Aims: We present a detailed study of a confined circular flare dynamics associated with three UV late phases in order to understand more precisely which topological elements are present and how they constrain the dynamics of the flare.
Methods: We perform a non-linear force-free field extrapolation of the confined flare observed with the Helioseismic and Magnetic Imager (HMI) and Atmospheric Imaging Assembly (AIA) instruments on board Solar Dynamics Observatory (SDO). From the 3D magnetic field we compute the squashing factor and we analyse its distribution. Conjointly, we analyse the AIA extreme ultraviolet (EUV) light curves and images in order to identify the post-flare loops, and their temporal and thermal evolution. By combining the two analyses we are able to propose a detailed scenario that explains the dynamics of the flare.

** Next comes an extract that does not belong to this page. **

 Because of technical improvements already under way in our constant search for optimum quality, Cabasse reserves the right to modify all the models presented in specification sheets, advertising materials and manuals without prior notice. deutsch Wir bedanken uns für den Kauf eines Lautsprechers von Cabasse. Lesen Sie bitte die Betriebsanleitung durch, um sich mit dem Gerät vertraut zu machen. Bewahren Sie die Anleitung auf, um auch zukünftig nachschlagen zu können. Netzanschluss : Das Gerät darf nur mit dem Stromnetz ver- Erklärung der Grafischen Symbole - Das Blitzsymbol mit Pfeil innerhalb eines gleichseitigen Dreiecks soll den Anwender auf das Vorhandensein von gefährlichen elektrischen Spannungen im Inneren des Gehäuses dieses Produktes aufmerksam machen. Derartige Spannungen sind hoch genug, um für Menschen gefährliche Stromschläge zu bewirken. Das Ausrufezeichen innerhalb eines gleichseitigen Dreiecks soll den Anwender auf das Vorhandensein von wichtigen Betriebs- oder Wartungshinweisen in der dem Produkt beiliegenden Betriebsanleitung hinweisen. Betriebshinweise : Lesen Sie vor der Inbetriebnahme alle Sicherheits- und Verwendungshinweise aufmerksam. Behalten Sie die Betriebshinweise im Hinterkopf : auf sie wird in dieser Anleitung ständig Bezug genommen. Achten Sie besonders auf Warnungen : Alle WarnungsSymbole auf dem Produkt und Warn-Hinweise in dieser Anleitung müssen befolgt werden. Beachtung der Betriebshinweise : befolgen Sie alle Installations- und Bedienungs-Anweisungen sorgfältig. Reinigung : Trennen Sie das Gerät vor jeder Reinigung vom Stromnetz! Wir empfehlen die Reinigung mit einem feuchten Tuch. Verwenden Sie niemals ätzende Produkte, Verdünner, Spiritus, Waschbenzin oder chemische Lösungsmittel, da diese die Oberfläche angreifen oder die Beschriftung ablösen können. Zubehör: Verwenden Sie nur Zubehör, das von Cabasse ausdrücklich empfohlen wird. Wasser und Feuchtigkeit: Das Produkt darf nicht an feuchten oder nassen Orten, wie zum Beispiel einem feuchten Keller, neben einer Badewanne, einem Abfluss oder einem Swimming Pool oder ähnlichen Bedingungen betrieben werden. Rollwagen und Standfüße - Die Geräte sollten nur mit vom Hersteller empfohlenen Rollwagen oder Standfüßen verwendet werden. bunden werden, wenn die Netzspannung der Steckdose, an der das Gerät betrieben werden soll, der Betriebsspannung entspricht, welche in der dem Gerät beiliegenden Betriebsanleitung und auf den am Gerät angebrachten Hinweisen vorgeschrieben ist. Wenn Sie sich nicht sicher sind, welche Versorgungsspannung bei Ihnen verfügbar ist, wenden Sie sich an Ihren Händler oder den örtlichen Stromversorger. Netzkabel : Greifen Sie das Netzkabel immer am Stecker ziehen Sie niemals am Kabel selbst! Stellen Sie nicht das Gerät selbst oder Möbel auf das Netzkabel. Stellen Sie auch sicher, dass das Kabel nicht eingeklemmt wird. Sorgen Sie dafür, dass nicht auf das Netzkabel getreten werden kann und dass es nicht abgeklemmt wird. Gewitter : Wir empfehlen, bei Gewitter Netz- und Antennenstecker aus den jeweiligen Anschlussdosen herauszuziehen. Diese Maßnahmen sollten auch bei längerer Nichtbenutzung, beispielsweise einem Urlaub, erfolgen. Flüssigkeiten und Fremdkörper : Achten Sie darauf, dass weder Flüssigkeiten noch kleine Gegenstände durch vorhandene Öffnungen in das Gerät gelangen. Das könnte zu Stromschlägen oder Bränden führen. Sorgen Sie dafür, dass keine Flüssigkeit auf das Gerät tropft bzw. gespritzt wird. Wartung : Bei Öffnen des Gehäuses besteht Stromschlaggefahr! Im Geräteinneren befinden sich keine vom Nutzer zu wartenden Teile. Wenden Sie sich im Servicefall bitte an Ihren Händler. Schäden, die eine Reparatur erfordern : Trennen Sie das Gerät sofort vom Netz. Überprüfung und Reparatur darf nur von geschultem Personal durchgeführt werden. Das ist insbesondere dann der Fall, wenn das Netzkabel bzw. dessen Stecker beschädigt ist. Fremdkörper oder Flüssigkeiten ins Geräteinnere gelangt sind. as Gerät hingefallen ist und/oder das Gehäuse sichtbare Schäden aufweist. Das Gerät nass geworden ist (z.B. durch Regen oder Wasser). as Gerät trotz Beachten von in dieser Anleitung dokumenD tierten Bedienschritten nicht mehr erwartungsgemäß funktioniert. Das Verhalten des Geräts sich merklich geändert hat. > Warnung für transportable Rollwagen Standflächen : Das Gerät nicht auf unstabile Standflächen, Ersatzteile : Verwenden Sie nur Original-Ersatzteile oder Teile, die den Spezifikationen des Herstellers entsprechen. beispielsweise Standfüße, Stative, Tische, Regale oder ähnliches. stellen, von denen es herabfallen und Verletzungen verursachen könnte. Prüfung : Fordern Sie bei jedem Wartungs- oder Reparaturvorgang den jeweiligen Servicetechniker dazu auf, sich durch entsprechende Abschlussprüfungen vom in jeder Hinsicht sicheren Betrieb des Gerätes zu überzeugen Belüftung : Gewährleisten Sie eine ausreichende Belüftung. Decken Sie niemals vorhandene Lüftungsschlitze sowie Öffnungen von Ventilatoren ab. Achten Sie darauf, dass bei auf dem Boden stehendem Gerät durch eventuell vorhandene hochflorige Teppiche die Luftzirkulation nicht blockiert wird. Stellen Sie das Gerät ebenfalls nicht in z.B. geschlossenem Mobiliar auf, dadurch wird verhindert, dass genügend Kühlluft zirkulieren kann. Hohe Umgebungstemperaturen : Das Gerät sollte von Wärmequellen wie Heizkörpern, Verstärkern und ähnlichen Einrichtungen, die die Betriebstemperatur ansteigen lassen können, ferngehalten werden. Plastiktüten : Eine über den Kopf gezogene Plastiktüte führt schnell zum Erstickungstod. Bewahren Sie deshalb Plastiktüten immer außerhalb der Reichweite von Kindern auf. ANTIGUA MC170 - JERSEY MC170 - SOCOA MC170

Results: Our topological analysis shows that in addition to a null-point topology with the fan separatrix, the spine lines and its surrounding quasi-separatix layer (QSL) halo (typical for a circular flare), a flux rope and its hyperbolic flux tube (HFT) are enclosed below the null. By comparing the magnetic field topology and the EUV post-flare loops we obtain an almost perfect match between the footpoints of the separatrices and the EUV 1600 Å ribbons and between the HFT field line footpoints and bright spots observed inside the circular ribbons. We show, for the first time in a confined flare, that magnetic reconnection occurred initially at the HFT below the flux rope. Reconnection at the null point between the flux rope and the overlying field is only initiated in a second phase. In addition, we showed that the EUV late phase observed after the main flare episode is caused by the cooling loops of different length which have all reconnected at the null point during the impulsive phase.
Conclusions: Our analysis shows in one example that flux ropes are present in null-point topology not only for eruptive and jet events, but also for confined flares. This allows us to conjecture on the analogies between conditions that govern the generation of jets, confined flares or eruptive flares.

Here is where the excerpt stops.